Josh Barrie, food writer and Eater London contributor: Tasty Jerk, Quo Vadis, Le Relais De Venise, Kiln, Guinea, Franco Manca, Bravi Regazzi, McDonald’s, Gopal’s Corner, Baozilnn, Monty’s Deli, Dosa n Chutny, Morley’s, Quality Chop House.
Apoorva Sripathi, writer and Eater London contributor: Undoubtedly Pueblito Paisa. I remember going there so frequently this year alone for birthdays, random brunches, disastrous dates, or to just eat some ceviche in the summer, which is the best in London. More people should go! Also Pret (not a restaurant I know) for lunchtime sandwiches only because they were convenient. And Ganapati in Peckham for top-rate south Indian food.

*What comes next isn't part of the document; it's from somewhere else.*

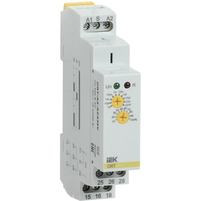 Реле задержки включения ORT-A2-AC230V с 2-мя перекидными контактами и питанием 230В AC предназначено для коммутации электрических цепей с определенными, предварительно установленными выдержками времени, в однофазных электрических сетях переменного тока напряжением до 230 В и частотой 50 Гц.

Feroz Gajia, restaurateur and Eater London contributor: In a year of at least 300 restaurant meals, most of which were at new restaurants or for the first time, the standbys are usually the ones you go to for guaranteed meals of quality and excellence. The top two would be Singburi & 40 Maltby Street both of which have given me more exquisite food, moments of wonder and great experiences than almost any other. Others would be the best in my immediate vicinity which just happen to be heavily skewed towards Turkish food. The trinity of Neden Urfa, 01 Adana and Numara Bos Cirrik 2 saved many a day or week with superb dishes of quality and consistency, just what everyone expects from their local haunts. NBC 2 seems to be part of the first wave of older ocakbasi restaurants that is upping their price point to reflect this, as they recognise their worth and fight to survive the inevitable rent increases following the latest wave of high street closures.
Ed Smith, food writer and Eater London contributor: I ate out at “old” favourites more often than “new” in 2019, which is probably the right way round. Multiple solo lunches at Smoking Goat, Roti King, Koya and Towpath, plus dinners at Black Axe Mangal stand out — partly because they always left my craving for their menu sated, but also because each of them are so consistent too.
Daisy Meager, food writer and Eater London contributor: Bright, Black Axe Mangal, Rochelle Canteen, Leila’s, Cook Daily, BúnBúnBún, Smoking Goat, Towpath Cafe, BaoziInn and, let’s be honest, Pret.
Angela Hui, food writer and Eater London contributor: I know Singburi keeps cropping up time and time again on these end of year lists, but it really is one of the best restaurants out there and it’s run by the hottest insta chef. I’ve also had way too many helpings of noodles at Joy Luck, Hung’s, Cafe TPT, Lanzhou Lamian Noodle Bar and fried chicken from Good Friend for dessert this year.
Jonathan Hatchman, food writer and Eater London contributor: Good Friend — hands down the best chicken shop in zone one — or Chinese Tapas House. The jianbing are outrageous, ideally with pork belly, sausage, crispy won ton skins and fried bread. I’d eat it regularly for breakfast if I lived closer or woke up early enough.